Without including any picture, copy the entries that follow word for word.

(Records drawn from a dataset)
---+---

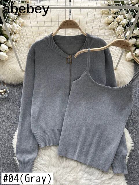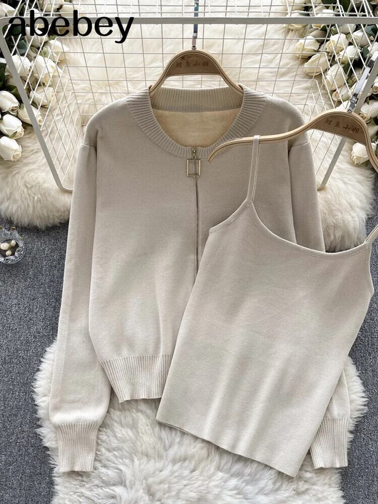 秋ニットツーピーススーツ o ネックジップルランタンスリーブクロップドルーズカーディガン + キャミソールソリッドセット オータム 秋物 Oネック ソリッドカラー
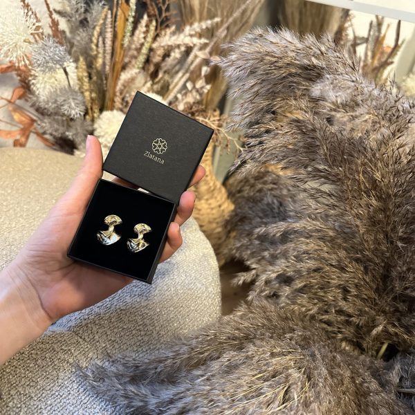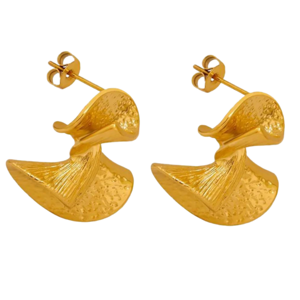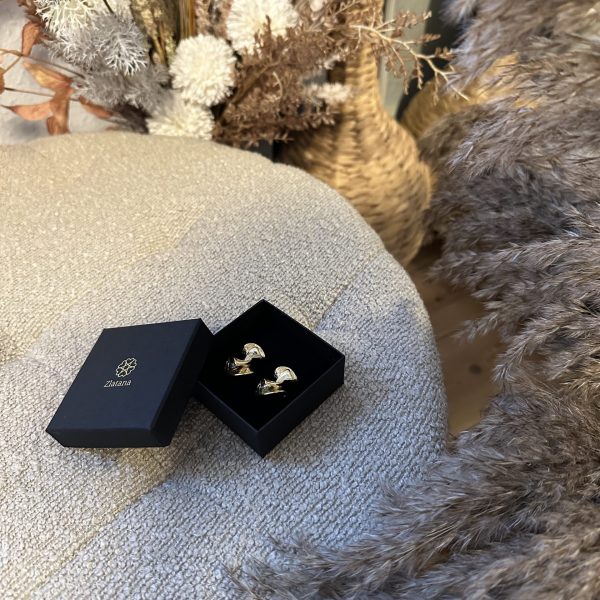 Disse elegant formede, guldbelagte øreringe er inspireret af naturens blide kurver og tilføjer ethvert outfit et strejf af moderne kunsthåndværk og tidløs elegance.
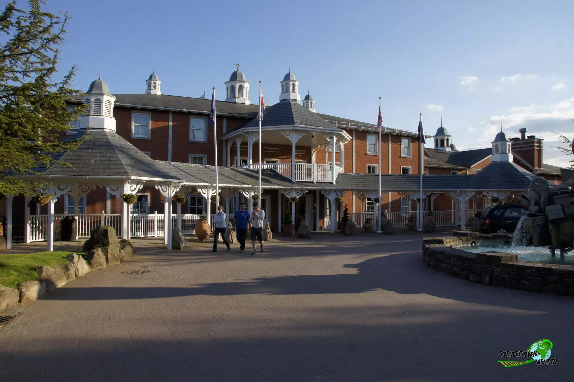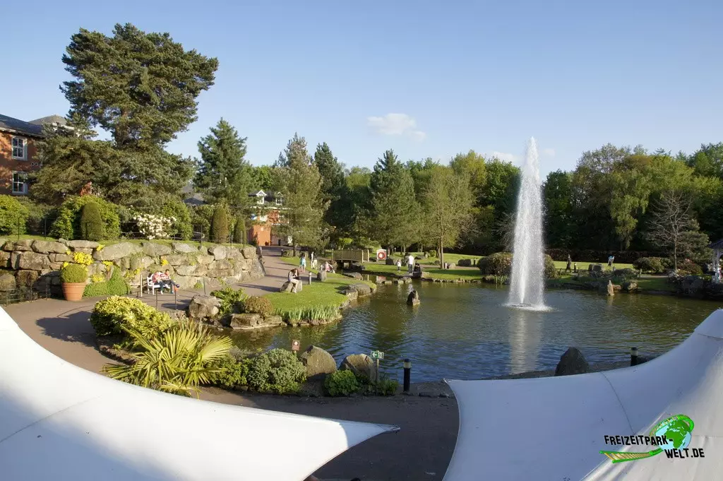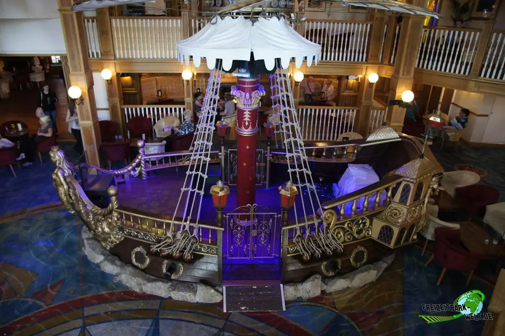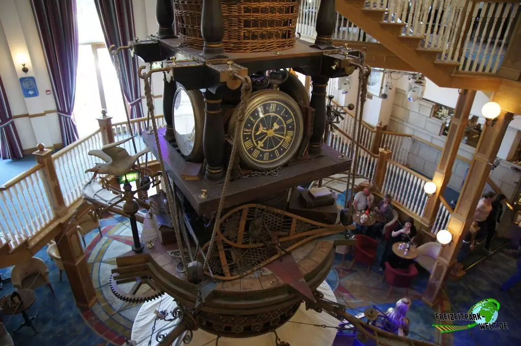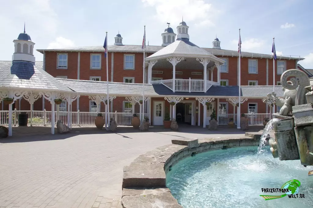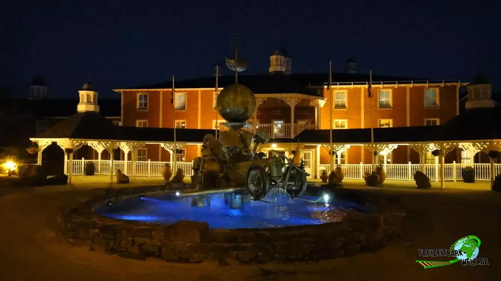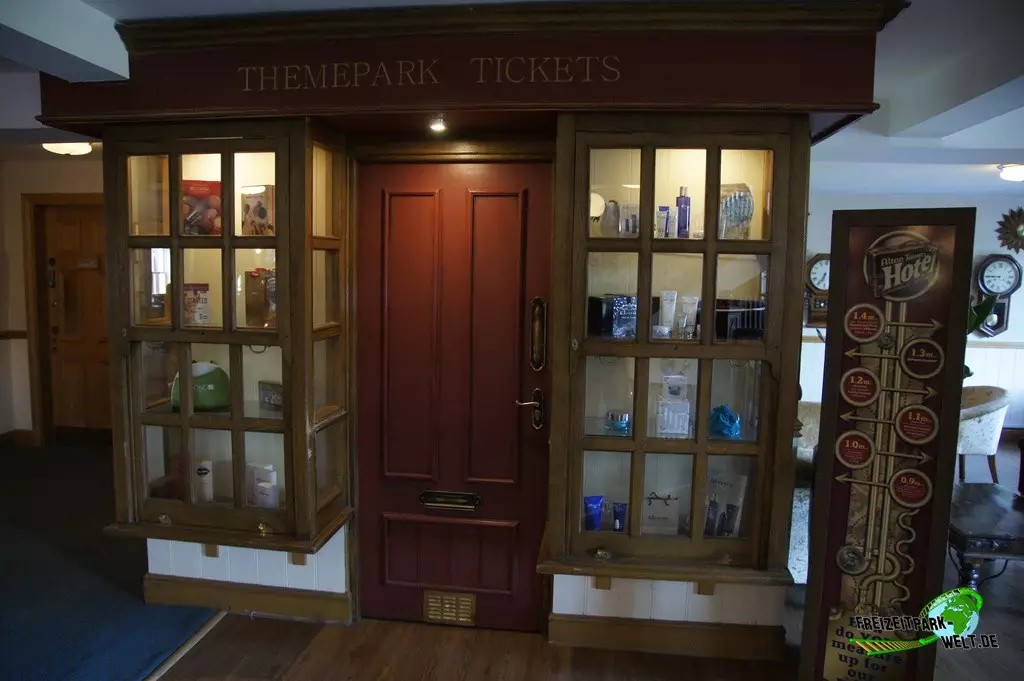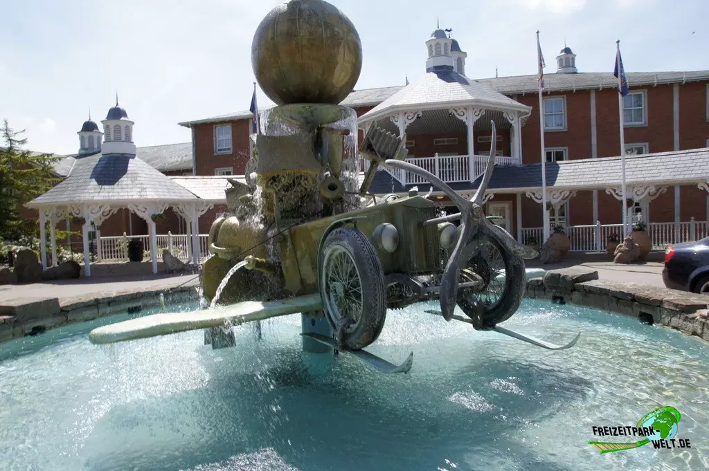 Thematisch ist das Alton Towers Hotel relativ klassisch gehalten und nicht so bunt wie die anderen beiden Hotels. Der Geschichte nach ist der Abenteurer Sir Algenon einst mit seinem Heißluftballon im Hotel gelandet und fand dieses so schön, dass er es zu seiner Heimat machte und zahlreiche Exponate seiner Expeditionen hier hinterließ. Dies wird gleich am Eingang deutlich, wo inmitten des großen Brunnens ein Oldtimer mit zahlreichen Koffern beladen einen ersten Eyecatcher bietet. In der Lobby des Hotels kann man dann auch den Heißluftballon entdecken, der hier ziemlich imposant in der Luft hängt. Interessant ist in der Lobby auch, dass man hier durch die Hanglage fast schon im höchsten Stockwerk ist und es in Richtung der Magical Gardens zwei Etagen ins Souterrain geht. Dadurch öffnet sich die Lobby aber nach hinten sehr schön und wirkt ziemlich groß. Die Einflüsse aus den verschiedensten Kulturen, die Sir Algenon bereist hat, sind in jedem Fall an jeder Ecke zu spüren. So wundert es auch nicht, dass hier plötzlich Palmen in der Lobby stehen und orientalische Laternen für Licht im Dunkel sorgen.Die Zimmer fallen ebenfalls recht bunt aus und hier wird leider auch das Alter des Hotels spürbar. Teilweise ist die Einrichtung relativ abgenutzt gewesen bei unserem Besuch. Dies kann sich natürlich durch Renovierungen auch wieder erledigt haben. Dafür bieten die Zimmer eigentlich alles, was man in einem 4-Sterne Hotel erwartet.
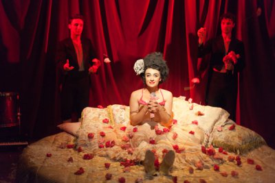Definitely not for children, Songs for the Fallen is a sophisticated cabaret/vaudeville celebrating the decadent life. Its main character Marie Duplessis, better known today as Marguerite Gautier, aka Camille, gives Australian singer/actress/playwright Sheridan Harbridge a star turn of which she takes full possesion. You may feel as exhausted as Harbridge’s Marie looks at the end of this dense and crowded show, but you will know you have had a complete theatrical experience.
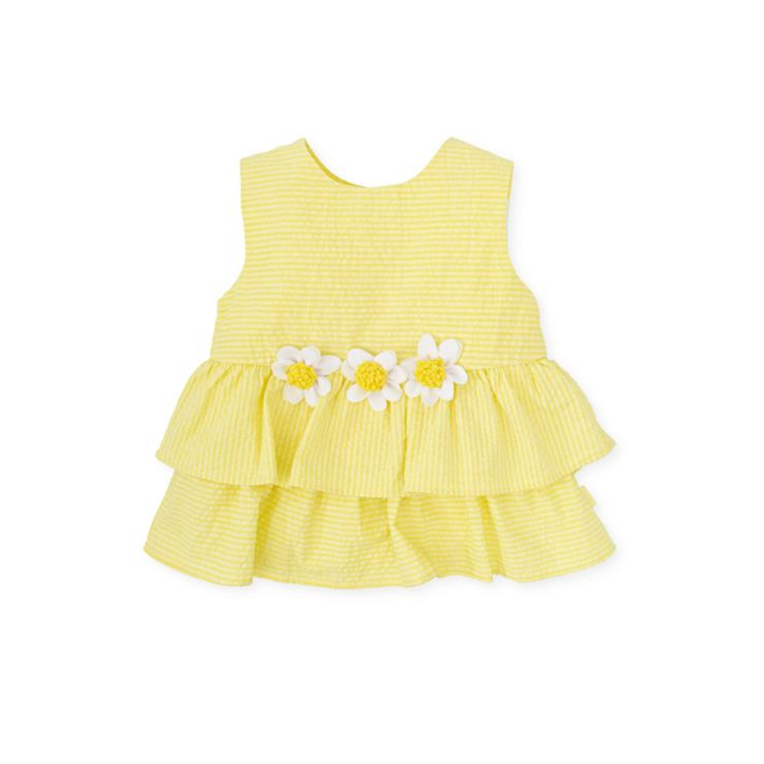Esta blusa es una opción perfecta para quienes buscan añadir un poco de color y encanto a su atuendo tiene destalle floral en tono blanco y cierre de botones en la parte trasera.
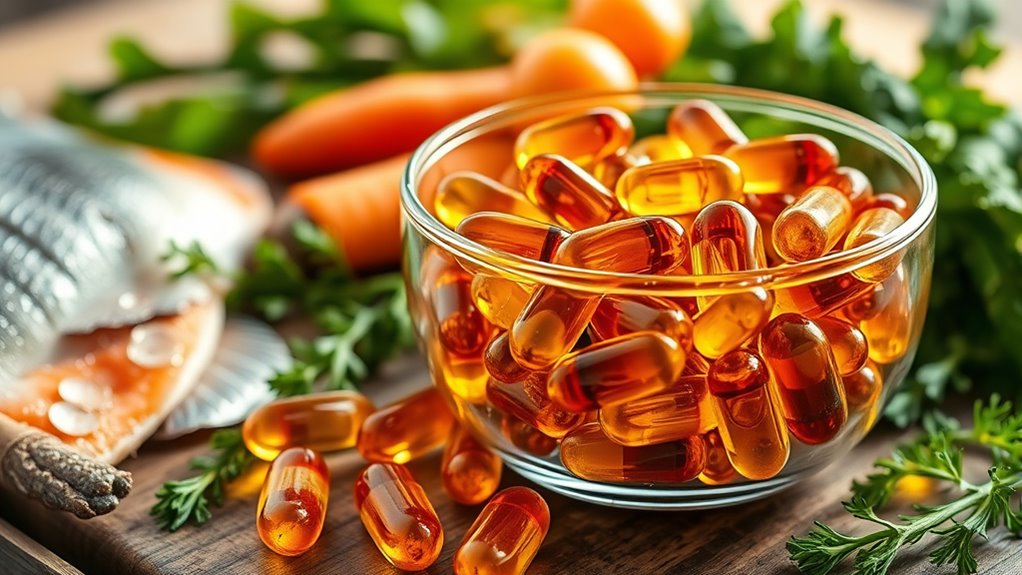 Choosing an omega supplement isn’t just about flavor; how well my body absorbs the nutrients matters even more. Omega-3s in triglyceride form mimic the natural fish oil structure, making them easier for my digestive system to process. These forms are more bioavailable than ethyl ester versions, meaning my body can absorb and utilize them better, often resulting in higher serum levels after ingestion. Softgels containing triglyceride omega-3s also require less processing and heat during manufacturing, which helps preserve their nutrient quality. Plus, triglyceride forms tend to cause fewer fishy aftertastes or burps, making them more tolerable. Because of their higher absorption rates, I can often take lower doses to achieve the same health benefits, making triglyceride omega-3s both effective and convenient.

---+---

Result for this exercise.
 秋ニットツーピーススーツ o ネックジップルランタンスリーブクロップドルーズカーディガン + キャミソールソリッドセット オータム 秋物 Oネック ソリッドカラー
 Disse elegant formede, guldbelagte øreringe er inspireret af naturens blide kurver og tilføjer ethvert outfit et strejf af moderne kunsthåndværk og tidløs elegance.
 Thematisch ist das Alton Towers Hotel relativ klassisch gehalten und nicht so bunt wie die anderen beiden Hotels. Der Geschichte nach ist der Abenteurer Sir Algenon einst mit seinem Heißluftballon im Hotel gelandet und fand dieses so schön, dass er es zu seiner Heimat machte und zahlreiche Exponate seiner Expeditionen hier hinterließ. Dies wird gleich am Eingang deutlich, wo inmitten des großen Brunnens ein Oldtimer mit zahlreichen Koffern beladen einen ersten Eyecatcher bietet. In der Lobby des Hotels kann man dann auch den Heißluftballon entdecken, der hier ziemlich imposant in der Luft hängt. Interessant ist in der Lobby auch, dass man hier durch die Hanglage fast schon im höchsten Stockwerk ist und es in Richtung der Magical Gardens zwei Etagen ins Souterrain geht. Dadurch öffnet sich die Lobby aber nach hinten sehr schön und wirkt ziemlich groß. Die Einflüsse aus den verschiedensten Kulturen, die Sir Algenon bereist hat, sind in jedem Fall an jeder Ecke zu spüren. So wundert es auch nicht, dass hier plötzlich Palmen in der Lobby stehen und orientalische Laternen für Licht im Dunkel sorgen.Die Zimmer fallen ebenfalls recht bunt aus und hier wird leider auch das Alter des Hotels spürbar. Teilweise ist die Einrichtung relativ abgenutzt gewesen bei unserem Besuch. Dies kann sich natürlich durch Renovierungen auch wieder erledigt haben. Dafür bieten die Zimmer eigentlich alles, was man in einem 4-Sterne Hotel erwartet.
Definitely not for children, Songs for the Fallen is a sophisticated cabaret/vaudeville celebrating the decadent life. Its main character Marie Duplessis, better known today as Marguerite Gautier, aka Camille, gives Australian singer/actress/playwright Sheridan Harbridge a star turn of which she takes full possesion. You may feel as exhausted as Harbridge’s Marie looks at the end of this dense and crowded show, but you will know you have had a complete theatrical experience.
Esta blusa es una opción perfecta para quienes buscan añadir un poco de color y encanto a su atuendo tiene destalle floral en tono blanco y cierre de botones en la parte trasera.
 Choosing an omega supplement isn’t just about flavor; how well my body absorbs the nutrients matters even more. Omega-3s in triglyceride form mimic the natural fish oil structure, making them easier for my digestive system to process. These forms are more bioavailable than ethyl ester versions, meaning my body can absorb and utilize them better, often resulting in higher serum levels after ingestion. Softgels containing triglyceride omega-3s also require less processing and heat during manufacturing, which helps preserve their nutrient quality. Plus, triglyceride forms tend to cause fewer fishy aftertastes or burps, making them more tolerable. Because of their higher absorption rates, I can often take lower doses to achieve the same health benefits, making triglyceride omega-3s both effective and convenient.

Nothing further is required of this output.